Find $A^n$ for all $n \in \mathbb{N}$.

Question

I'm learning linear algebra and need help with the following problem:

Let $A = \begin{pmatrix}-2 & -3 & -3\\-1 & 0 & -1\\5 & 5 & 6\end{pmatrix} \in M_{3x3}(\mathbb{R}).$ Find $A^n$ for all $n \in \mathbb{N}$.

My first thought was to compute $A^2$, $A^3$, $A^4$ and see if a pattern emerge. I used Mathematica to compute the power of $A$ to save me some time. The computations gave

$A^2 = \begin{pmatrix}-8 & -9 & -9\\-3 & -2 & -3\\15 & 15 & 16\end{pmatrix}, \quad A^3 = \begin{pmatrix}-20 & -21 & -21\\-7 & -6 & -7\\35 & 35 & 36\end{pmatrix}, \quad A^4 = \begin{pmatrix}-44 & -45 & -45\\-15 & -14 & -15\\75 & 75 & 76\end{pmatrix}$.

The above results are clearly showing a pattern relating the first four powers of $A$, for instance $(a_{31}) = (a_{32}) = (a_{33}) + 1$, but I'm unable to write the general form of a matrix $A^{k}$.

$(Q1)$ How do I find/write the general form of a matrix $A^{k}$?

$(Q2)$ I only compute the first four powers of $A$. How do I know that this pattern won't fail for some integer $k$?

Answer 1

The matrix is similar to the diagonal matrix $D=diag(1,1,2)$. Hence we have $$ A^n=(SDS^{-1})^n=SD^nS^{-1} $$ with $$ S=\begin{pmatrix} -5 & -4 & 3\cr -1 & -1 & 1\cr 6 & 5 & -5\end{pmatrix}. $$

Answer 2

The method descirbed in this answer still works even when $A$ is not diagonalizable. The upside of this method is that you are not required to calculate eigenvectors or inverses of matrices.

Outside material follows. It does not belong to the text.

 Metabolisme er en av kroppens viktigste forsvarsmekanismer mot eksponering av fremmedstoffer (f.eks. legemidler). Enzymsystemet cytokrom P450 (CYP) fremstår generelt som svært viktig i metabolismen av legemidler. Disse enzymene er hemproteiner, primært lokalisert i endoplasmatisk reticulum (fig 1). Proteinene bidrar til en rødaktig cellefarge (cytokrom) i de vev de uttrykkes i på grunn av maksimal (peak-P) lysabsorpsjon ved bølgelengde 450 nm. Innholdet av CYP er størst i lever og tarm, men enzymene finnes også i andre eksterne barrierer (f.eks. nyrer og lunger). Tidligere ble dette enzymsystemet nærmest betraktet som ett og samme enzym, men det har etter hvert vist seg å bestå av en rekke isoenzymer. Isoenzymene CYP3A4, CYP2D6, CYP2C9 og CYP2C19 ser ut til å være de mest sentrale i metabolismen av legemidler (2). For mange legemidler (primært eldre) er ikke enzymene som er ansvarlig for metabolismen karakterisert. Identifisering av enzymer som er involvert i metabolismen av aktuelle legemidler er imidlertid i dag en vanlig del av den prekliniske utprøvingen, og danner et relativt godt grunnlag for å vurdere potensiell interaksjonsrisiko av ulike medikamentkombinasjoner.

The characteristic polynomial is $P_A(X)=(2-X)(X-1)^2$. The Cayley-Hamilton theorem says that $P_A(A)=(2Id-A)(A-Id)^2=0$. Consider the polynomial $X^n$. We can write $$X^n=Q(X)P_A(X)+r(X)$$ with $\deg(r(X))<3$. Hence we may write $r(X)=aX^2+bX+c$.

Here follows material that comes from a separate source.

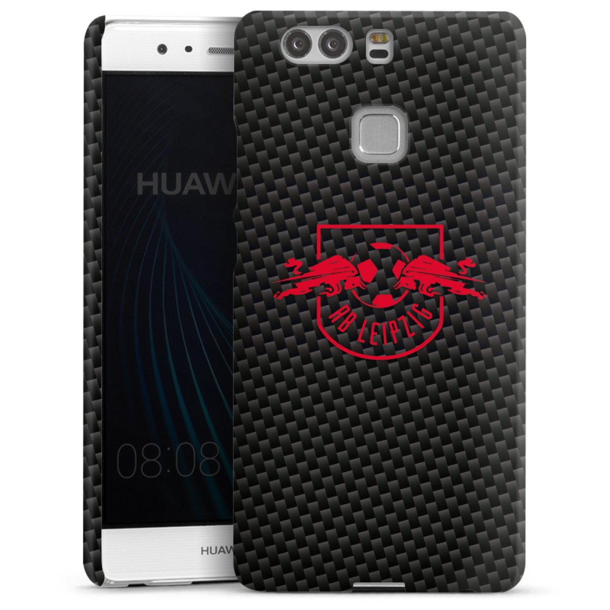 Rotes RB Leipzig Logo auf Carbonoptik

We can plug in the eigenvalue $2$ into the previous equation to get $2^n=r(2)=4a+2b+c$. (Here we used that $P_A(2)=0$).

Similarly $1=r(1)=a+b+c$. Last but not least we take the derivative w.r.t. $X$. This yields $$nX^{n-1}=Q'(X)P_A(X)+Q(X)P_A'(X)+2aX+bX.$$ Plug in $1$ to get $n=2a+b$. You can solve for $a,b$ and $c$. Then you know $r(X)$. Plug in $A$ in the original equation to get $$A^n=r(A)=aA^2+bA+cId.$$

Answer 3

Your matrix has the following form for any power $k$ (showing this should be routine): $$\begin{array}{ccc}-3a+1&-3a&-3a\\-a&-a+1&-a\\5a&5a&5a+1\end{array}$$ where $a=1$ for $A^{1}$. Calculating $A^{k}$ for first few $k$ shows that the $[2,1]$ element is $-(2^k-1)$.